ASSIGNMENT
Leave out the images; return the rest of the data exactly.

RECORDED INFORMATION
-- Opening Marker --

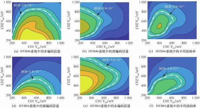 误码率随信道Vpp变化的热力图如 图 4 所示,其描述的是采用非对称编码的叠加调制系统各通道以及两通道的平均误码率。实验中等间距测量了从200~1 000 mV峰峰值电压下系统的误码率,采样间隔为 200 mV。并且对进行了三次方多项式插值,从而得到该热力图。为了排除信道中其他干扰因素的影响,实验中交换了未编码信道和预编码信道, HYB46 即第一路未编码而第二路编码的情形, HYB64则相反。 图 4 中白色虚线为7%前向纠错所对应的门限误码率。从 图 4 可以粗略看出使用非对称编码带来的影响:未使用非线性编码的通道( 图 4(a)、 图 4(e))在更大的电压范围(200~800 mV),可以保证信道的误码率维持在可用的范围内。然而,使用非线性编码的通道( 图 4(b)、 图 4(d))可用范围相比之下更为狭窄,最大可用的峰峰值电压仅为600 mV。
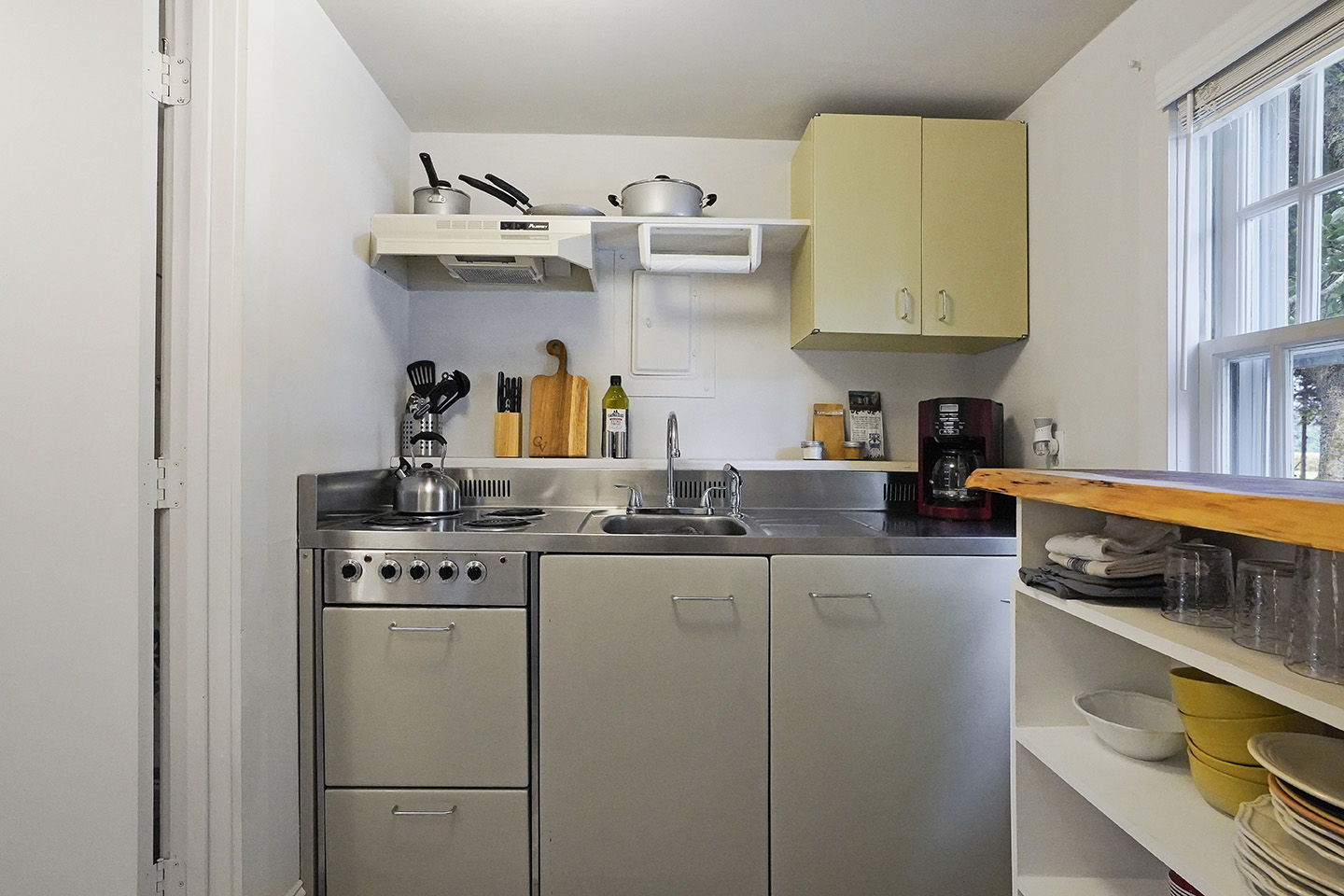 The Weaver's Cottage has been renovated into a two-room cabin complete with kitchenette and full bathroom.
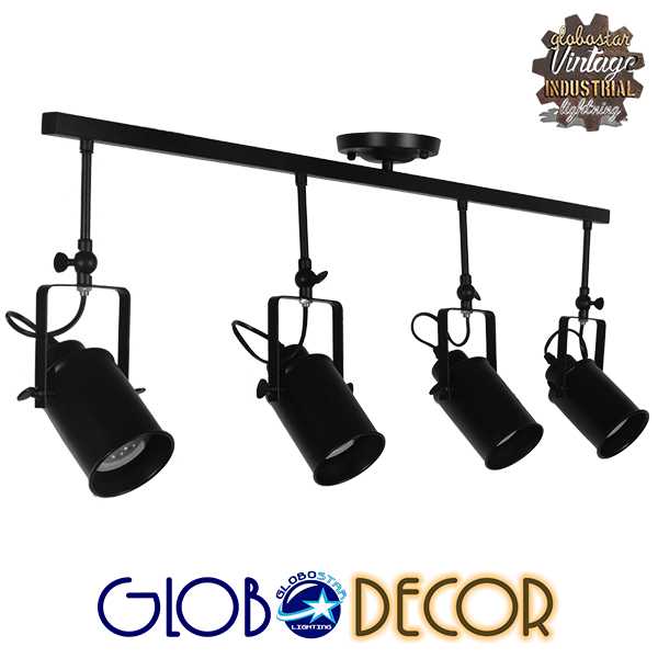 GloboStar® HOLLYWOOD 01156 Vintage Φωτιστικό Οροφής Πολύφωτο Μαύρο Μεταλλικό Ράγα Μ13 x Π110 x Υ38cm Χρώμα Βάσης: Μαύρο Χρώμα

-- Closing Marker --

ANSWER AREA
 误码率随信道Vpp变化的热力图如 图 4 所示,其描述的是采用非对称编码的叠加调制系统各通道以及两通道的平均误码率。实验中等间距测量了从200~1 000 mV峰峰值电压下系统的误码率,采样间隔为 200 mV。并且对进行了三次方多项式插值,从而得到该热力图。为了排除信道中其他干扰因素的影响,实验中交换了未编码信道和预编码信道, HYB46 即第一路未编码而第二路编码的情形, HYB64则相反。 图 4 中白色虚线为7%前向纠错所对应的门限误码率。从 图 4 可以粗略看出使用非对称编码带来的影响:未使用非线性编码的通道( 图 4(a)、 图 4(e))在更大的电压范围(200~800 mV),可以保证信道的误码率维持在可用的范围内。然而,使用非线性编码的通道( 图 4(b)、 图 4(d))可用范围相比之下更为狭窄,最大可用的峰峰值电压仅为600 mV。
 The Weaver's Cottage has been renovated into a two-room cabin complete with kitchenette and full bathroom.
 GloboStar® HOLLYWOOD 01156 Vintage Φωτιστικό Οροφής Πολύφωτο Μαύρο Μεταλλικό Ράγα Μ13 x Π110 x Υ38cm Χρώμα Βάσης: Μαύρο Χρώμα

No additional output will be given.